In saying that the provisions of Obamacare were "designed to bludgeon the states into participating," I am mindful of the proposition that attributing an "intent" to Congress is a perilous thing, and I am also mindful of the limitations of statutory history. On the other hand, I was around for this one. Obamacare was the number one subject of the public discourse in this country in the year plus period up to its passage, and right in the middle of that discussion was the question of how Congress would attempt to make reluctant red states go along. Newspapers, opinion journals and web sites were filled with discussions of this topic. Surely, it is not possible for anyone alive then to claim to have forgotten.
Reading the dissent of Judge Edwards in the D.C. Circuit, I would summarize his position as "the IRS can do whatever it takes to make this statute work."
Appellants’ proffered construction of the statute would
permit States to exempt many people from the individual
mandate and thereby thwart a central element of the ACA. As
Appellants’ amici candidly acknowledge, if subsidies are
unavailable to taxpayers in States with HHS-created
Exchanges, “the structure of the ACA will crumble.” Scott
Pruitt, ObamaCare’s Next Legal Challenge, WALL ST. J.,
Dec. 1, 2013. It is inconceivable that Congress intended to
give States the power to cause the ACA to “crumble.”
So according to Judge Edwards, the IRS can impose hundreds of billions of dollars of taxing and spending on the people when those things were never voted by the Congress, on the ground that the IRS has broad discretion to implement its view of how to make the statute work better. If this is right, then I guess Congress could have just passed a statute saying "Congress hereby declares that there shall be affordable health insurance available to all; IRS to implement." And with that, the IRS can impose whatever taxes and spending it wants without further authorization.
Here's the most discouraging thing of all: It appears that how a judge regards the constitutionality of these IRS actions is a completely partisan thing.
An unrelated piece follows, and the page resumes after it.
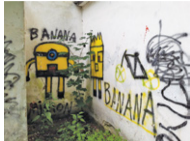
Wbrew deklaracjom wójta, zabytek nie został zabezpieczony przed wandalami

zumienia – przygotowanie koncepcji – już okazał się problematyczny. Zgodnie z listem intencyjnym gmina miała na to bowiem 9 miesięcy. Projekt powinien więc być gotowy jesienią ubiegłego roku. Tymczasem prace opóźniły się o rok. W międzyczasie między władzami obu samorządów doszło do poważnych zgrzytów. Pod koniec 2020 roku, w czasie prac nad rocznymi budżetami, wójt Prażmowa zawnioskował do starostwa o zabezpieczenie kwoty 600 tysięcy złotych na prace remontowe. Władze powiatu odrzuciły wniosek argumentu-

In the two Obamacare decisions that came out yesterday (D.C. Circuit here and 4th Circuit here), the four judges appointed by Democratic presidents all voted to uphold the IRS actions, while the two judges appointed by Republicans (both in the D.C. Circuit) held that the IRS had exceeded its authority. Will that perfect partisan divide continue?
Again, it's two visions of how the world should work. If your vision is that the world should be run by unelected, neutral "experts" who can impose perfect fairness in human interactions by writing enough regulations, then I guess you think what the IRS did is just fine. If you think that the functioning of our republic through the mechanisms spelled out in the constitution has great importance, then you will have a very different view.